I don’t really like to share my problems but I figured this would give you something to look at for a few seconds. The pack is 144V of 8V Trojan batteries. They just turned five and a half years old. I was hoping to get through the summer with them before possibly getting new ones. I had twisted the lug shown about a year ago and repaired it. I checked it about two months ago and it still seemed tight.  I make my daily run to the post office early and traffic is usually pretty light. Wouldn’t you know the day the thing decides to give me grief would be the day after the 4th of July and I get a late start and town is packed with tourist and traffic. I had just stopped for some tourons Jwalking in front of me and I stepped on the peddle and got nothing but a soft PFSST. There was that split second of WTH? I was heading up hill and luckily there was no one behind me so I rolled back down a few feet into a miraculously empty parking space. I had just washed and cleaned out the car and forgot to put my small took kit back behind the seat… “My Kingdom for a horse”… There I sat for the want of a 9/16 end wrench. Had to call my son to brave the traffic and run a wrench to me. Luckily the parking spot I rolled into still had 45 minutes on the meter. Asked a passing local cop if he had any tools but he said he was on a call so I waited for my son. He showed up I bypassed the crapped out battery and headed home on 136 Volts. The parking meter hade 2 minutes left as I pulled away from the curb. I had already driven 10 miles and was surprised that the car still responded fairly well on 136 volts of old batteries. I stopped at the NAPA store on the way home and there was the cop and a back up with some guy spread eagle against the cop car. I will have to wait till Monday to get the full story on that episode. It made my day not look so bad after all.  All in all right after the initial meltdown I was blessed with a series of small  lucky breaks.


----------



## quickcharge (Aug 15, 2009)

Feel good that you squeezed every bit of life out of those batteries. 5 1/2 years is very rare.


----------



## dragonsgate (May 19, 2012)

I got a close to four years on each of my previous two packs. I got new ones because the old ones had dust on them.


----------



## piotrsko (Dec 9, 2007)

quickcharge said:


> Feel good that you squeezed every bit of life out of those batteries. 5 1/2 years is very rare.

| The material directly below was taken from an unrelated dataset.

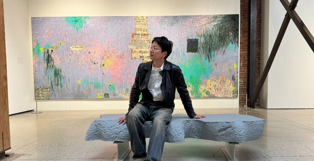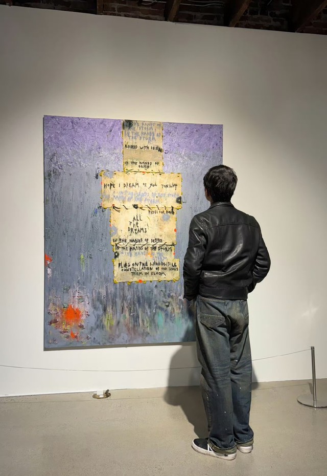 背对着镜头,站在一幅画前,像是在看画,这幅画的颜色主要是紫色,上面贴着写着带字的纸片,整个照片透着股文艺、安静的氛围。

More common than you would think. Most long term FLA users get fairly long life with staying inside tight charge discharge cycles and quality maintenance. We just don't advertise this much because of all the flamers saying it is impossible.

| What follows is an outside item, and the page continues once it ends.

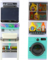 Dette detaljerede sæt til hjemmebadeværelset tilbyder alt til troværdig leg: håndvask med spejl, frontbetjent vaskemaskine, opbevaringsskab og masser af tilbehør. Spejlet lyser ved isætning af batteri, og vaskemaskinen har lys- og lydeffekter, som giver en mere realistisk oplevelse.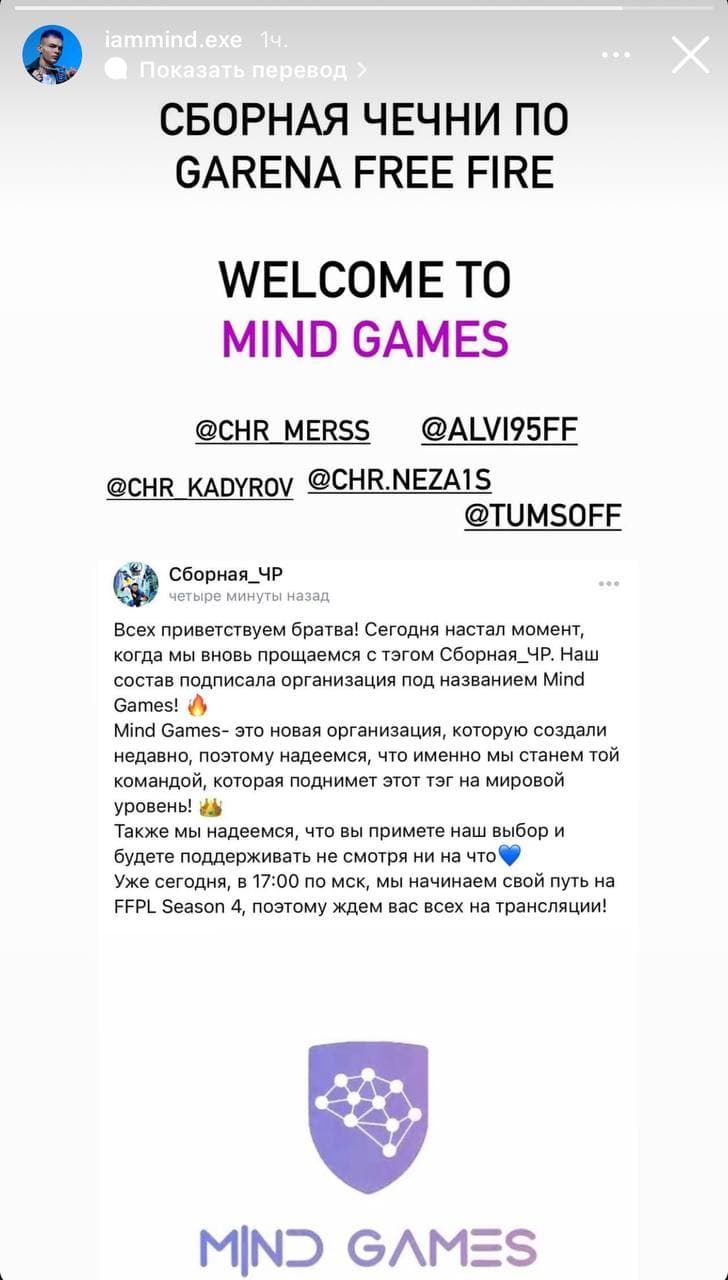 Молодой киберспортивный клуб Mind Games, владельцем которого является российский рэпер IAMMIND, подписал сборную Чечни по мобильной игре Free Fire. Об этом музыкант сообщил в своем Istagram-аккаунте. У клуба официальных сетей пока нет.

Btw. That is why the craftsman 1/2 - 9/16 combo wrench NEVER leaves the glovebox


----------



## dragonsgate (May 19, 2012)

piotrsko said:


> More common than you would think. Most long term FLA users get fairly long life with staying inside tight charge discharge cycles and quality maintenance. We just don't advertise this much because of all the flamers saying it is impossible.
> 
> Btw. That is why the craftsman 1/2 - 9/16 combo wrench NEVER leaves the glovebox


Thanks Piotrsko, Yep That tool kit is back in place with a note on it reminding me to not touch it except in case of need. I got a new pack of batteries today and made a pledge that the next ones will be Lithium or what ever is out there in the next three or four years if I am still alive. I really contemplated it this time but have had a bit of bad luck heath wise this last month and am still a little wobbly so not in the mood to even think about redoing the suspension and alignment plus have the chargers reconfigured. Just going the twenty miles and back getting the batteries and then installing them with the help of my son put me down for a short nap. Darn! I quit taking naps when I was two years old! Well I just put fifty bucks in the kitty towards the next pack. Meow!


----------



## PStechPaul (May 1, 2012)

It's possible (although unlikely) that the other batteries may yet have some useful life in them, but 5 years is pretty good. I would be interested in doing some extensive testing on the remaining batteries to see if such a demise might be predicted. I think a lot might be determined by doing a load test on each of them to calculate ESR, and a charge/discharge cycle to estimate the capacity. This could be built into a BMS designed for lead-acid batteries, and could be done automatically before each charge cycle or according to a less frequent schedule.


----------



## dragonsgate (May 19, 2012)

PStechPaul said:


> It's possible (although unlikely) that the other batteries may yet have some useful life in them, but 5 years is pretty good. I would be interested in doing some extensive testing on the remaining batteries to see if such a demise might be predicted. I think a lot might be determined by doing a load test on each of them to calculate ESR, and a charge/discharge cycle to estimate the capacity. This could be built into a BMS designed for lead-acid batteries, and could be done automatically before each charge cycle or according to a less frequent schedule.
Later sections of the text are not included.